Friction and Adhesion Forces at a Nanoscopic Contact Between Titanium Dioxide Thin Film Surfaces

Abstract

Magnetron sputtering deposition of titanium dioxide (TiO2) thin films on commercial AFM probes (silicon nitride) and silicon wafer substrates was employed to fabricate surfaces with controlled wettability. The wettability of the TiO2 covered AFM probe and sample surfaces was improved by UV light irradiation, as indicated by macroscopic measurements of the water contact angle. Then, the friction and adhesion forces at a single-asperity contact between TiO2 surfaces were measured in air at constant humidity before and after UV light irradiation. An important increase of adhesive and friction forces was observed when the wettability of the AFM tip and sample surfaces was increased. The increase of the friction force cannot be explained solely by the increase of the adhesive force.
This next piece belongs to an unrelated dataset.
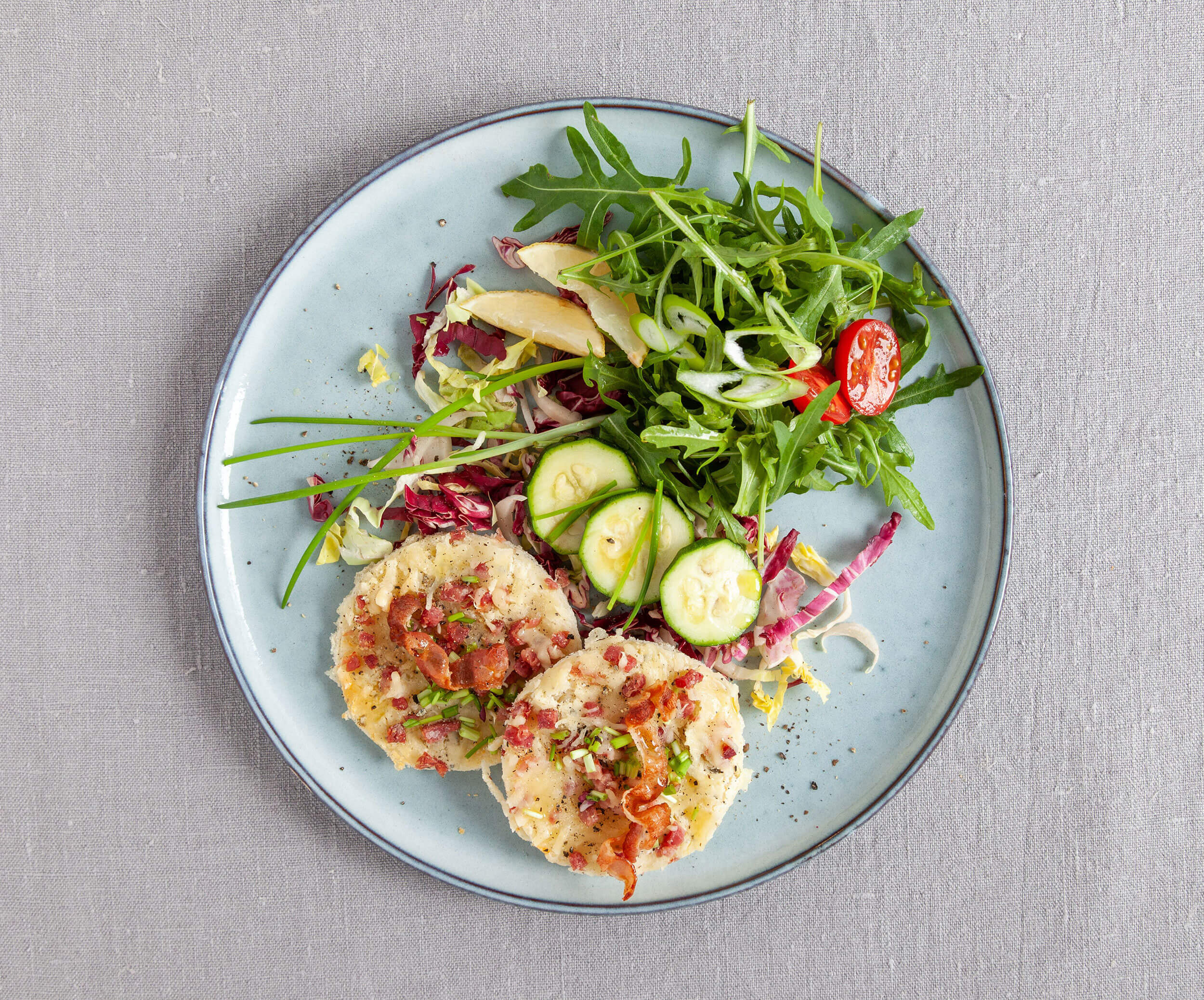 mit Speck, Zwiebeln und Käse. In drei verschiedenen Größen erhältlich: Als Fingerfood, Vorspeise und Hauptspeise zu bestellen.

A friction force associated to the energy dissipation in formation and destruction of an ice-like structure of water at the sliding tip-sample contact is considered in order to explain the increased friction force observed at the contact of the hydrophilic TiO2 surfaces. Infrared adsorption spectra of a thin water layer captured between two superhydrophilic TiO2 surfaces suggested a solid-like hydrogen bonding structure of the water adsorbed on the superhydrophilic surfaces. Formation of such water structure increases the shear stress of the water at nanoscopic contacts and causes a corresponding increase of the contact friction force.